• Приглашаем посетить наш сайт
    Цветаева (tsvetaeva.lit-info.ru)
  • Равнодушные. Глава 19.

    Глава: 1 2 3 4 5 6 7 8 9 10 11 12 13 14
    15 16 17 18 19 20 21 22 23 24
    25 26 27 28 29 30 31 32 33 34

    Глава девятнадцатая

    По тому, как легко приподнялся с кровати Борис Александрович и как крепко, точно цепляясь, сжал своей тонкой сухой горячей рукой руку Ордынцева, - Ордынцев решительно не мог подумать, что перед ним осужденный на очень близкую смерть.

    Только после двух-трех неестественно оживленных фраз больного о том, что он чувствует себя значительно лучше и при первой же возможности уедет в Ниццу, и по мутному, словно бы подернутому туманом взгляду глубоко ввалившихся глаз Ордынцев понял, что смерть уже витает в этой небольшой комнате, освещенной слабым светом лампы.

    И еще более убедился в этом Ордынцев по напряженно-серьезному и злому выражению на безбородом и безусом лице врача в длинном белом балахоне - злому, что не может вырвать из когтей смерти человека, которого рассчитывал вырвать, - и по тому еще, что врач избегал встречаться глазами со взглядом больного, и по притворно спокойным и ласково улыбающимся лицам двух сестер милосердия.

    - Когда давали шампанское? - осведомился врач.

    - В восемь часов.

    - Дайте еще стакан...

    И, взяв от сестры скорбный листок, доктор отметил в н. ем что-то и, не глядя ни на кого из присутствующих, вышел из комнаты вместе со старшей сестрой продолжать свой вечерний обход.

    Оставшаяся в комнате сестра налила маленький стакан шампанского и, приподняв с подушкой голову больного, предложила ему выпить.

    Больной нарочно закрыл глаза.

    - Выпейте, голубчик... Вам лучше будет! - необыкновенно ласково проговорила сестра.

    - Выпей, Боря!.. Выпей, милый! - сдерживая слезы, сказала Вера Александровна.

    И Борис Александрович открыл глаза и выпил с жадностью шампанское.

    - Ну, теперь я засну... Спасибо, сестра! - сказал он сестре милосердия. - А ты, Вера, не уходи! - приказал он, раздражаясь. - Будем вместе пить чай!

    Через несколько минут он заснул.
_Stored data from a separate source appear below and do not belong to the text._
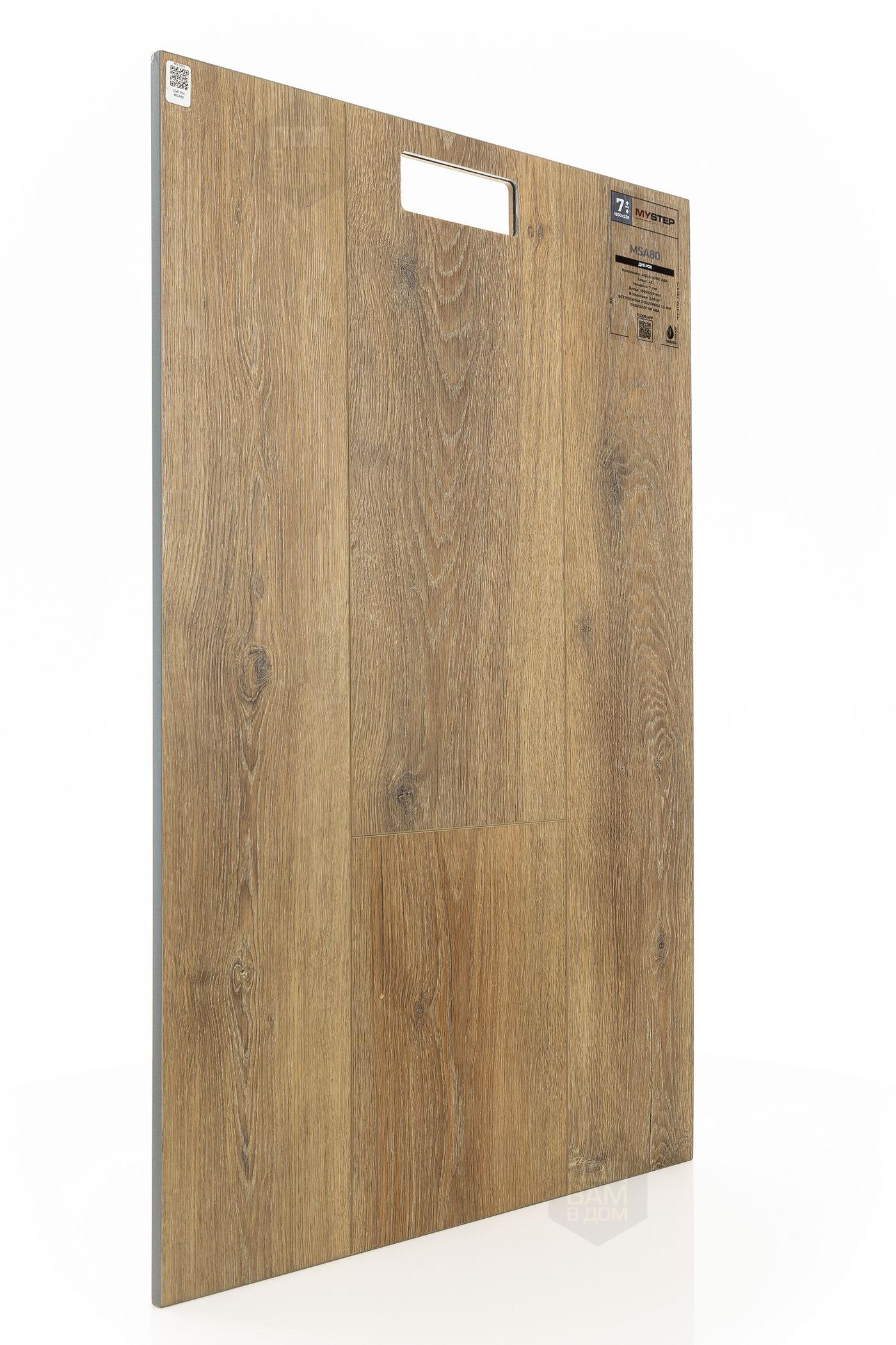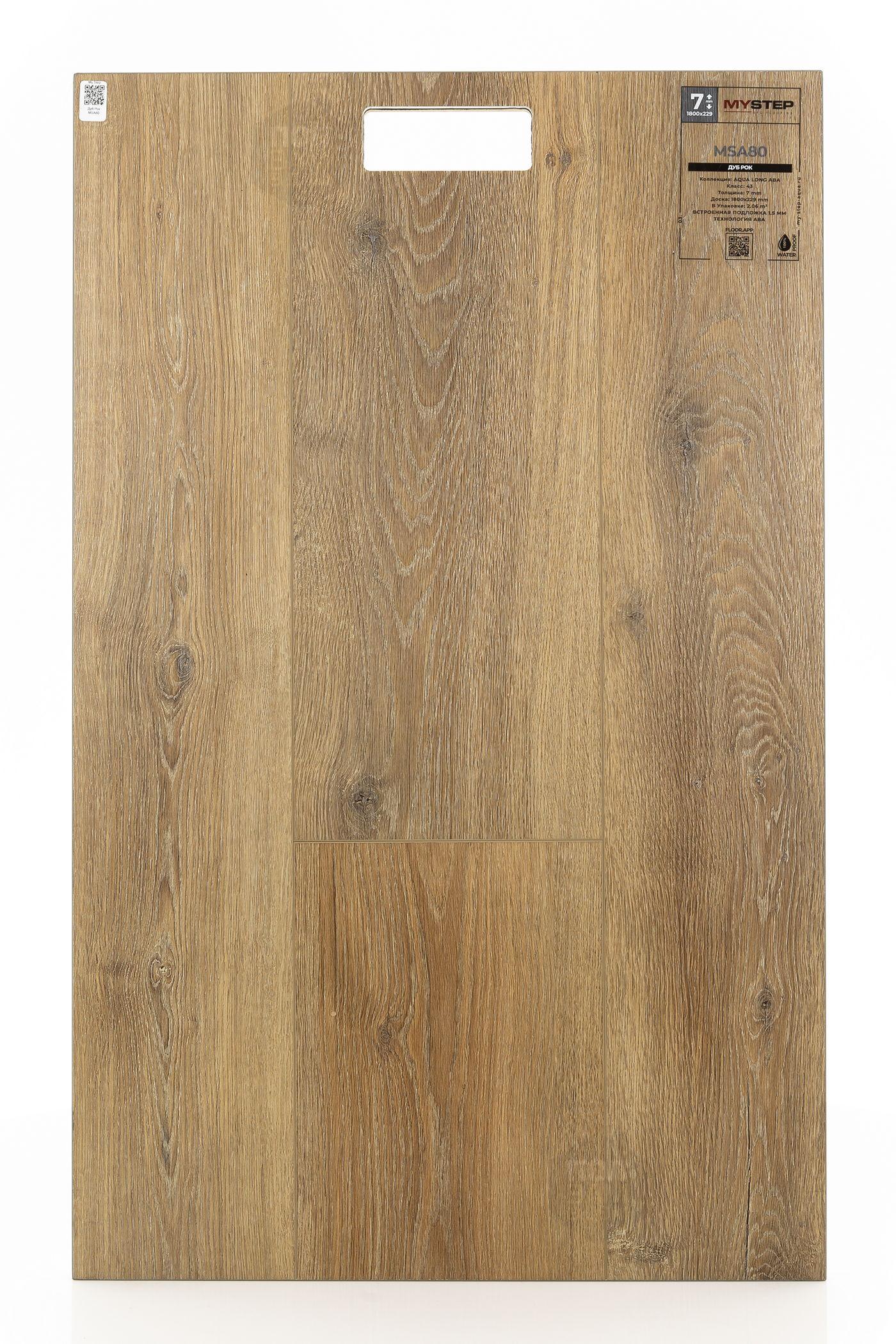 SPC ламинат My Step Дуб Рок MSA80 - цена 4 490 руб. за квадратный метр. Это покрытие толщиной 7 мм, порода дерева - дуб, фаска с 4-х сторон. Тиснение поверхность SPC ламината имеет светлый оттенок и матовый блеск. Для того, чтобы купить в интернет-магазине SPC ламинат из коллекции My Step Аква Лонг АВА Дуб Рок MSA80, положите товар в корзину или свяжитесь с нами любым доступным способом. Товар есть в наличии.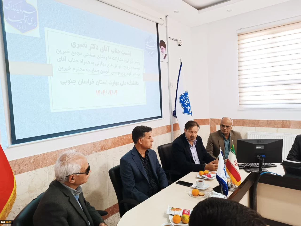 امتیاز دهید : حضور آقای خالدی در نشست مشترک دانشگاه ملی مهارت استان خراسان جنوبی با رئیس کارگروه مشارکتها و منابع حمایتی مجمع خیرین توسعه و ترویج آموزشهای مهارتی و موسس انجمن و نماینده خیرین 3 چهارشنبه 5 آذر 1404 ساعت 14:43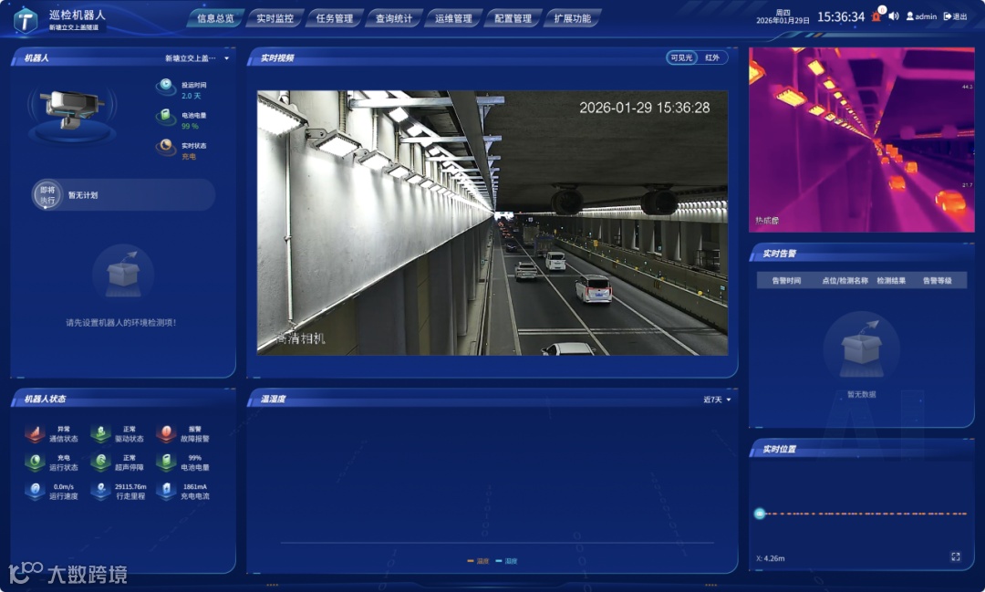 这场高效处置的背后,是广深高速智能巡检机器人的核心驱动。它如同隧道内的“移动鹰眼”,不仅能“看见”,更能“看懂”和“判断”。机器人沿轨道以0.5-0.8米/秒的速度巡航,搭载4K高清摄像头与红外热成像仪,测温范围覆盖-20℃至500℃,可实现7×24小时不间断、无死角精准监控。无论是车辆异常、交通事故,还是温度异常、突发火情、设备故障等隐患,它均能在3秒内识别并锁定,准确率超过98%,并实时将高清画面与数据回传至监控中心,同步联动隧道警示系统启动应急响应,提前介入。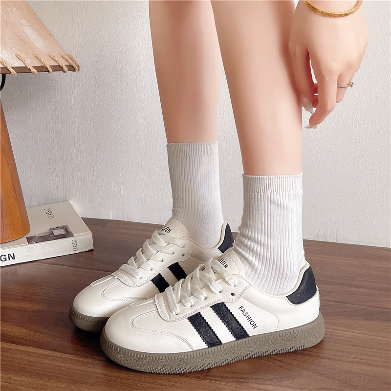 设计感爆休闲运动板鞋 新款 女生百搭春秋平厚底2025夏季 德训小白鞋
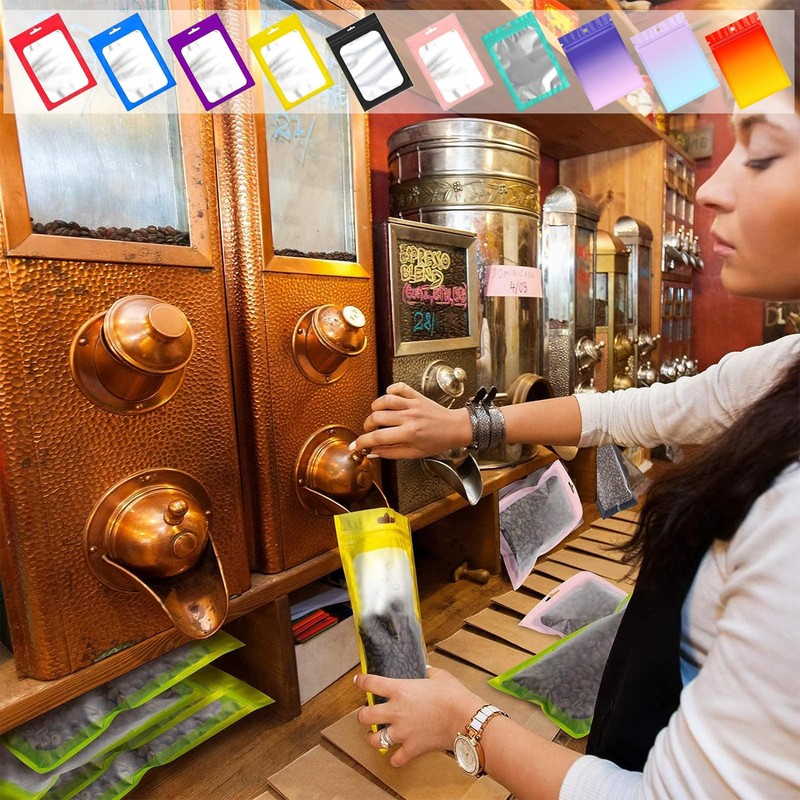 - Material: the reusable aluminum bags with high quality metallized film, environmentally friendly. The transparent side makes it easy to see the product without opening the bag. This bag is resealable and can be reused after easy washing, which is more cost-effective.

Среди мертвой тишины слышно было, как из груди вырывался странный хрип и слышалось какое-то бульканье.

    Вера Александровна и Скурагин вышли в коридор. За ними вышел и Ордынцев.

    Ордынцев молча поздоровался с ними.

    В эту минуту к Вере Александровне подошла одна из сестер, пожилая женщина, с обычной приятной улыбкой на своем полном, отливавшем желтизной лице, и сказала:

    - Простите меня, сударыня, что я позволю себе напомнить вам о том, что вы, в огорчении своем, забыли.

    - О чем? - испуганно спросила Леонтьева.

    - А разве...

    Она не могла окончить вопроса. Рыдания душили ее.

    - Все в руках господних... Но не мешает теперь же послать за батюшкой.

    - Не взволнует ли это бедного брата?

    - Взволнует? - удивленно и строго спросила сестра. - Напротив, больные обыкновенно чувствуют облегчение страданий после таинства. Впрочем, как вам будет угодно! - с огорченным видом прибавила сестра.

    - Тогда... пожалуйста, пригласите священника... А я приготовлю брата...

    - Не волнуйте себя... Когда батюшка придет, дежурная сестра скажет больному. Она сумеет это сделать... А я сейчас же пошлю просить батюшку! - сказала сестра.

    И с мягким коротким поклоном тихо удалилась и исчезла за дверями.

    - Вера! - донесся из-за полуотворенных дверей голос Бориса Александровича.

    Леонтьева вытерла слезы и пошла в комнату.

    Тем временем Ордынцев советовал Скурагину ехать с Никодимцевым, ручаясь, что Никодимцев вполне порядочный человек.

    - Я еду с ним. Мне он понравился! - отвечал Скурагин.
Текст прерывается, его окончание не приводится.